Thursday, July 14, 2011

Who won?

Thursday, the great Minnesota Shutdown went from intractable to settled with dizzying speed. Mark Dayton's morning presentation at the Humphrey Institute became an announcement of his acceptance of a June 30th offer from Republican leaders. The $1.4 billion dollar package of shifts and tobacco revenue bonds, coupled with demands for removal of policy changes contained in the GOP budget bill, agreement not to seek a 15% across the board cut of state employees, and a $500 million bonding bill became the framework for a compromise. By 5:15 PM, a deal was struck.

It was oddly anticlimactic to watch Speaker Zellers and Majority Leader Koch announcing that they had an agreement with Governor Dayton. Dayton's offer was effectively one the GOP couldn't refuse, even if they wanted to. It was a definitive end to an impasse that transformed Minnesota into a synecdoche for national budget woes. Twenty-two thousand laid off state employees, shuttered state parks, and a downgrade to the state's credit rating were all part of the mounting toll. In one stroke, Dayton ended that.

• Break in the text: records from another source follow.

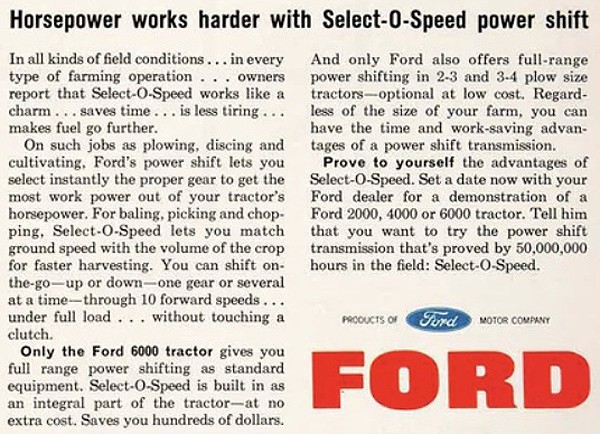 Ah, Error 403 Forbidden, my arch nemesis. Obviously nerve wracking for all, here’s a(nother) condensed version. My brother lives in the country, and always had hobby tractors. His 1st and 2nd were H model Harvestors, late 40s, then got a ’53 Ford 800 series, that I thought was newer, and more like this. I’ve been around farm tractors from my mid 20s on. I hung out at several friends parents farms, and had to get to know how to operate them. My favorite is the A-C D17. The worst? A Leyland, sorry mates, a very poor tractor. The Select-O-Speed, I read, was a novel transmission. 10 forward speeds, 2 reverse, and somehow hydraulically shifted on the fly, but no torque converter, and a regular dry clutch that had to be depressed when stopping. I bet many bought these as they outgrew the postwar 8N, but kept it because it still ran good. Live PTO, much better and safer.
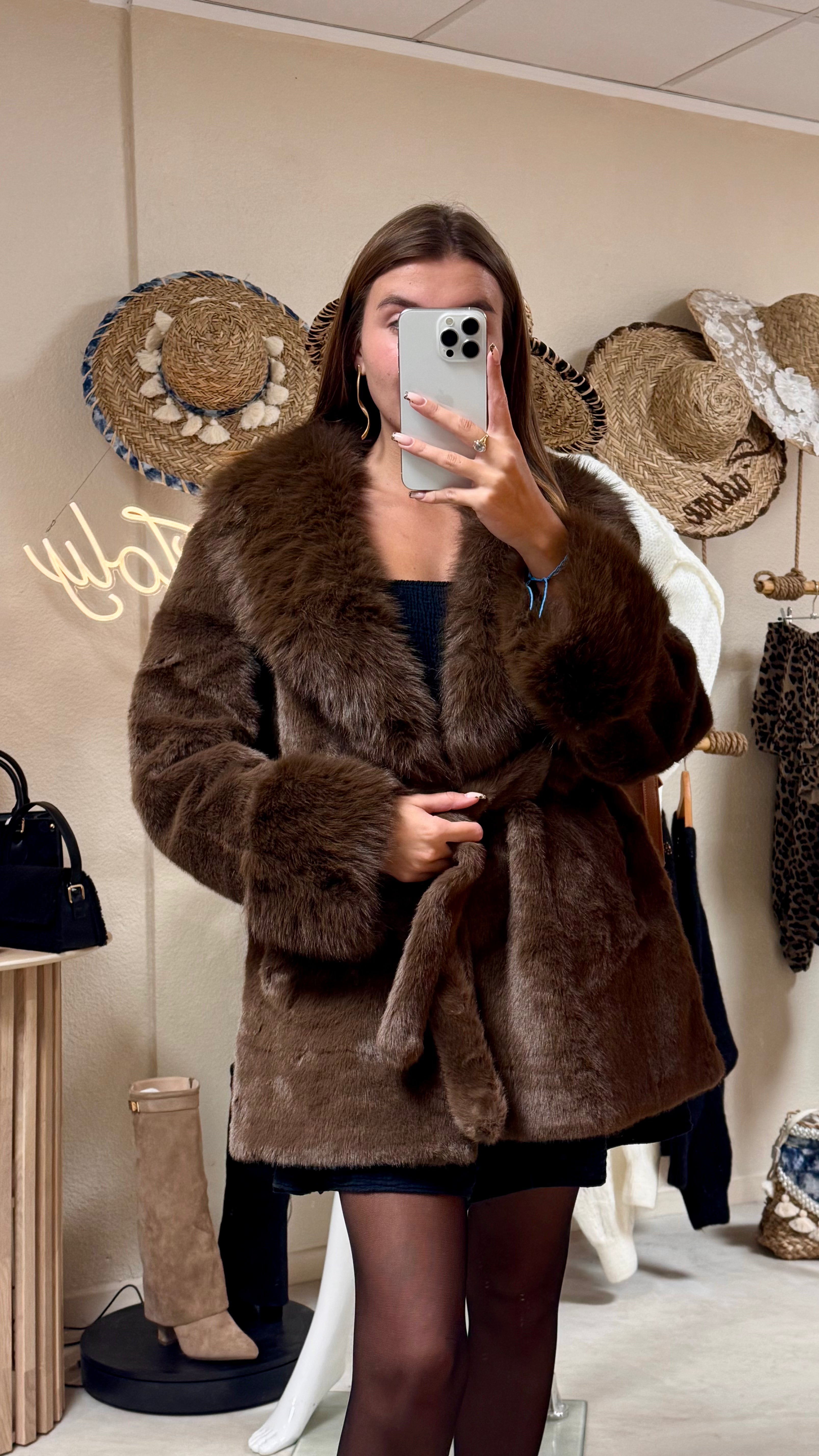 Découvrez notre Manteau Élégance Sauvage - Marron, en fausse fourrure ultra douce avec une coupe droite ajustable grâce à sa... En savoir plus En savoir plus
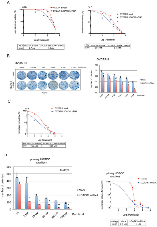 Previous experiments about the impact of vector-based expression on the response to standard therapeutics had demonstrated that the reactivation of DAPK1 sensitizes ovarian cancer cells to Paclitaxel and Cisplatin (Figure 6 and Figure 7). Next, we tested the impact of IVT ΔDAPK1-mRNA on the viability of ovarian cancer cells. The expression of the activated form of DAPK1, achieved by transfecting IVT ΔDAPK1 mRNA, significantly increased the sensitivity of OVCAR-8 cells to Paclitaxel (Figure 9A). The clonogenic assay supported the sensitizing activity of IVT ΔDAPK1-mRNA to OVCAR-8 cells treated with Paclitaxel (Figure 9B). The ability of IVT ΔDAPK1-mRNA to sensitize OVCAR-8 cells to Cisplatin treatment (Figure 9C) confirmed earlier findings observed with vector-based expression (Figure 7C,D). Furthermore, transfection with ΔDAPK1-mRNA reduced the colony-forming capacity and enhanced Paclitaxel sensitivity in primary tumor HGSOC cells derived from patient ascites (Figure 9D). Additional experiments using OVCAR-3 cells treated with Paclitaxel or Cisplatin confirmed the sensitization by the expression of ΔDAPK1 mRNA (Figure S3A,B), supporting our previous data using the vector-based expression of ΔDAPK1.
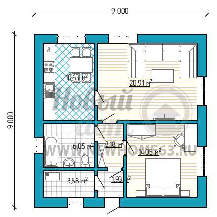 Планировка квадратного дома 9х9 м с отдельной кухней, просторной гостиной и одной спальной.

A lot of folks on the left have been and will be critical of this decision. Instant reaction from a number of DFL legislators was strongly negative, though minority leader Paul Thissen reportedly said that he'd support it. The smart money is that very few DFL votes will be cast for the budget compromise. Many left-leaning pundits took Dayton to task for caving to the GOP. Indeed, by the evening that was the GOP's talking point, with Michael Brodkorb posting a sheet of headlines that Dayton had conceded or lost.

While it chafes for Dayton supporters to watch, this bravado is mostly for the Republican base. Check out the sources for the headlines in Brodkorb's piece; National Review, Powerline, True North, Drudge, and the lead quote from Rush Limbaugh. This is not a piece for the general public, it's for the right wing base. Or consider this piece from House Republicans claiming that they've held state spending to $34 billion. That might come as a surprise to House Speaker Kurt Zellers, considering he "said the agreement will spend more than the $34 billion Republicans wanted to spend." Remember, Dayton won his budget. The revenue comes in the only form the GOP would permit, borrowing and shifting. As Dayton said - he'll own the budget, but not the revenue.

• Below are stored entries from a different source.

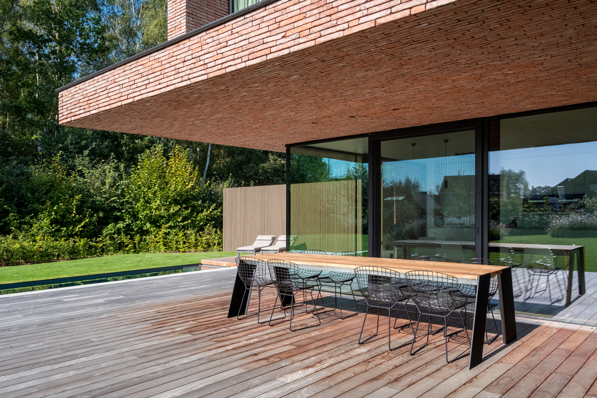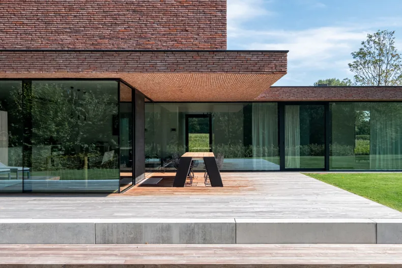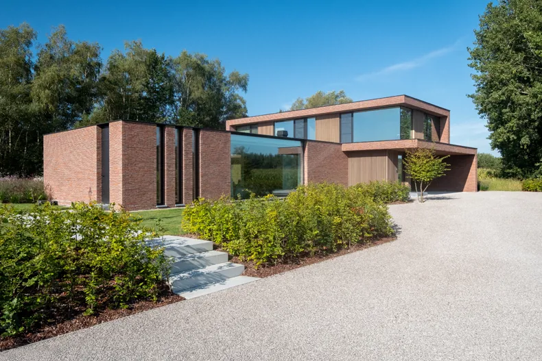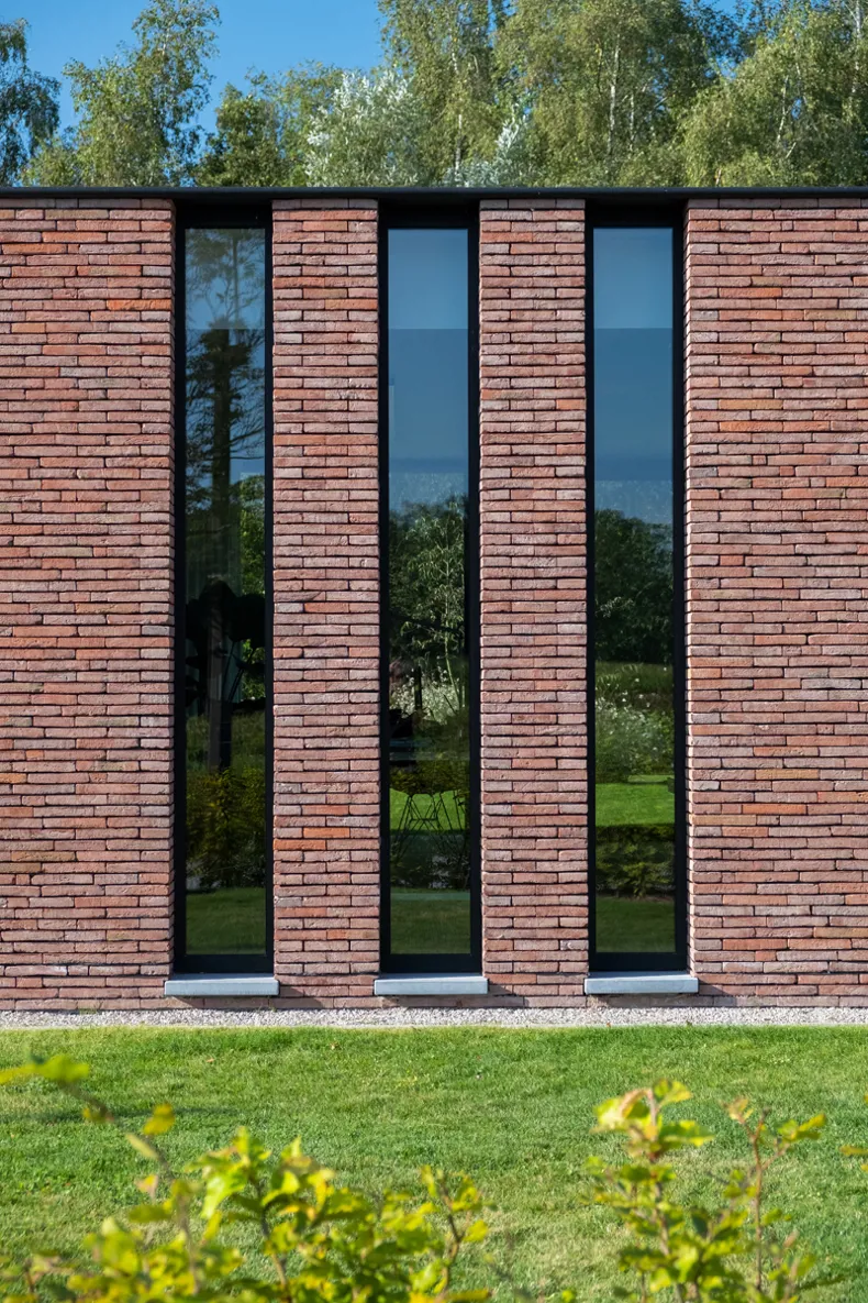 CAS, qui a l'expérience des projets situés hors zone, a insisté dès le départ sur une architecture contemporaine. Mais en respectant l'environnement naturel. Pieter-Jan Leenknecht, CAS : « Une conception basée sur les lois de la nature implique que la forme et la matérialité d'une maison ne peuvent être en opposition avec la nature. Un volume en crépi blanc aurait été inapproprié à cet endroit. Nous avons recherché une palette de matériaux équilibrée, composée de matériaux naturels. Nous sommes rapidement arrivés à une combinaison de béton, de bois et de brique. Les grandes fenêtres maintiennent la sveltesse de l'ensemble et font entrer la nature à l'avant et à l'arrière. Pour soutenir la sobriété de l'architecture et permettre en même temps au bâtiment de se fondre dans la nature, nous avons opté pour une brique mince de couleur brun-rouge. Linea 3011 n'est pas une brique ordinaire mais une brique fine, sablée, nuancée. Nous ne l'avons pas jointoyée de manière traditionnelle, mais avons utilisé une maçonnerie à joint mince dans un appareillage aléatoire. Grâce au mortier gris foncé appliqué en retrait, chaque brique est mise en avant. De cette façon, nous avons pu accentuer encore mieux le jeu de lignes de l'architecture à travers la maçonnerie. »
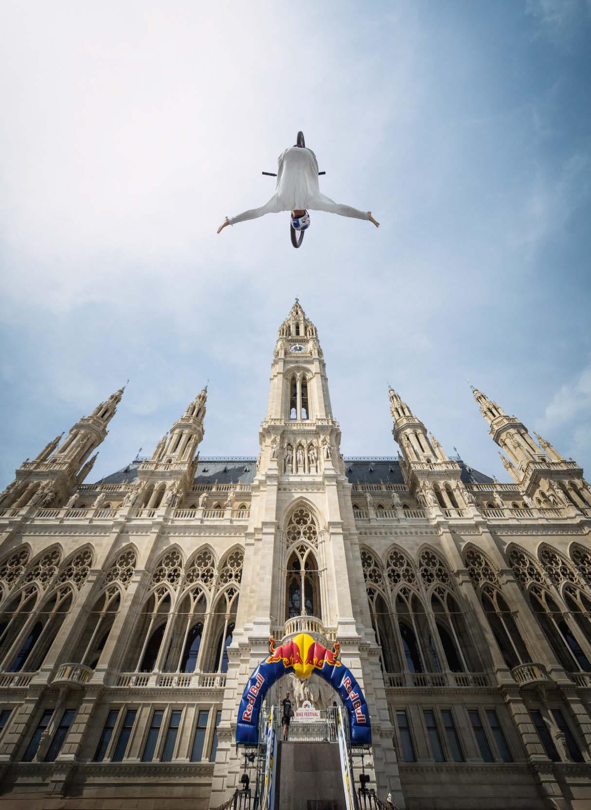 Wenn sich die Crème der FreestyleSzene am Wiener Rathausplatz einfindet, dann ist nicht nur das Argus Bike Festival in vollem Gange, sondern auch das Dirt Battle: 16 Biker überbieten sich mit irren Tricks und Jumps. Hier im Bild: der viermalige Best-TrickSieger Dawid Godziek. Womit der Pole letztes Jahr gewann? Mit einem „cashroll tailwhip to double barspin“. Alles klar? Keine Sorge: Diesen Trick kann – und versteht – ohnehin nur er. Dirt Battle: 12. und 13. April, dirtbattle.com
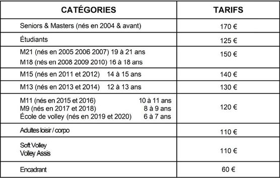 • le règlement correspondant à votre catégorie, par chèque bancaire (règlement échelonné autorisé – indiquer les dates de débit au dos des chèques) à l’ordre de Concarneau Volley, ou par espèces.

There are a lot of members of the GOP caucus that have made a lot of noise about cutting state spending. This compromise will be hard to swallow, especially as the pet policy provisions of GOP members are excised. Rep. Garofolo will howl about the removal of private school vouchers and curtailment of teacher's organizing rights. Sen. Hann will lecture disapprovingly as his plan to voucherize MinnesotaCare disappears. Rep. Banaian will cluck, as he did on MPR this morning, about the loss of his budgeting provisions. Rep. Runbeck's vendetta against Minneapolis, St. Paul and Duluth is shelved. And Rep. Downey's corporate consultant crusade against state employees will have to wait until later. Stopping a tax increase will seem like cold comfort for Republican true believers.

This assumes, of course, that "no policy provisions" means what it says. The details of an agreement will be painstaking on some of the larger bills, and it's worth watching what makes it into a final version. But it represents a big win for Mark Dayton on many fronts.

Dayton is taking the long game on the budget. The resolution insulates folks from the full brunt of cuts to health care and increased property taxes from local government aid cuts. The $500 million or so in bonding projects will stimulate the construction industry and the economy, and it seems that a $1 billion Vikings stadium will likely follow. This will put literally thousands of folks back to work. For a governor in the mold of Rudy Perpich, this is exactly what he wanted.

It's true that both sides shared in the blame for the shutdown, but Dayton's well-positioned to get credit for decisively ending it. Republicans will be saddled in 2012 with a broken promise to their base and an intransigent reputation with moderates. DFL legislators will get to campaign against the budget as irresponsible borrowing and shifting. In all, the political advantage is decidedly in favor of the DFL and Mark Dayton.

They'd better take advantage in 2012. It will take three or four budget cycles to dig Minnesota out the hole created over the last decade.